REQUIRED ACTION: Repeat only what runs from the line with "US spot Bitcoin" through the last line of the data below, both included, keeping every word as it is and leaving out the pictures.

——————

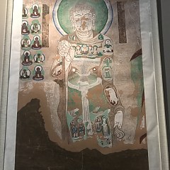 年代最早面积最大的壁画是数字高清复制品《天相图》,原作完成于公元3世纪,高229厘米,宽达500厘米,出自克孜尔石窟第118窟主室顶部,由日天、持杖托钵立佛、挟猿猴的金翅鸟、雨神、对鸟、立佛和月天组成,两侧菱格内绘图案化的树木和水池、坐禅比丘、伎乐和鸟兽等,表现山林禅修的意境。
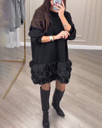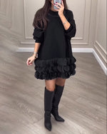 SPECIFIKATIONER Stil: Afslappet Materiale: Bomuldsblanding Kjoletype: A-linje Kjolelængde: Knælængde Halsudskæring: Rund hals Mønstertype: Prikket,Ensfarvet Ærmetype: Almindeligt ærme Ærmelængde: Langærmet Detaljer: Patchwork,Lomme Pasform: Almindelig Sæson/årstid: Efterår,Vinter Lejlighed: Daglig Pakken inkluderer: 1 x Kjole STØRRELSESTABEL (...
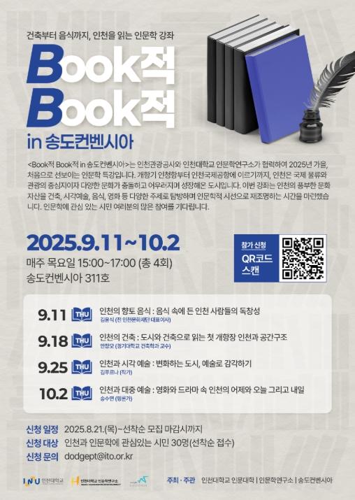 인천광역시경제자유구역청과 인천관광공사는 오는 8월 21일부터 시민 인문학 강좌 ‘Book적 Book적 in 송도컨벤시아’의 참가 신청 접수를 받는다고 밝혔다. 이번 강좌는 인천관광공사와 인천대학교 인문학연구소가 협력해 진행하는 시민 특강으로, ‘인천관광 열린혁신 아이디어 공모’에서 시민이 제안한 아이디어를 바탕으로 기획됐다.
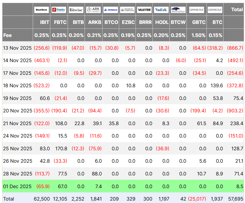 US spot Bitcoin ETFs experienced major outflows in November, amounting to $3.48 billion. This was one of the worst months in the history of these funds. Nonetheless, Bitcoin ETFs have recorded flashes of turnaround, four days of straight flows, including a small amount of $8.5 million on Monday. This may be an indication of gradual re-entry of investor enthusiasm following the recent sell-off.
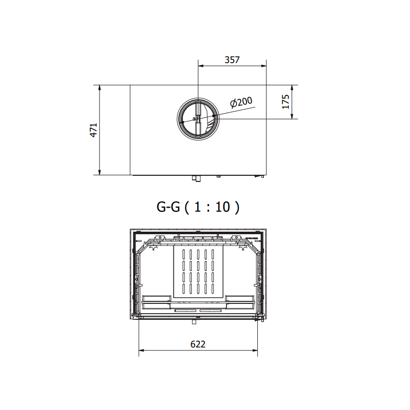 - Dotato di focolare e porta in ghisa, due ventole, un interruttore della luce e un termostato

——————

ANSWER BOX:
 US spot Bitcoin ETFs experienced major outflows in November, amounting to $3.48 billion. This was one of the worst months in the history of these funds. Nonetheless, Bitcoin ETFs have recorded flashes of turnaround, four days of straight flows, including a small amount of $8.5 million on Monday. This may be an indication of gradual re-entry of investor enthusiasm following the recent sell-off.
 - Dotato di focolare e porta in ghisa, due ventole, un interruttore della luce e un termostato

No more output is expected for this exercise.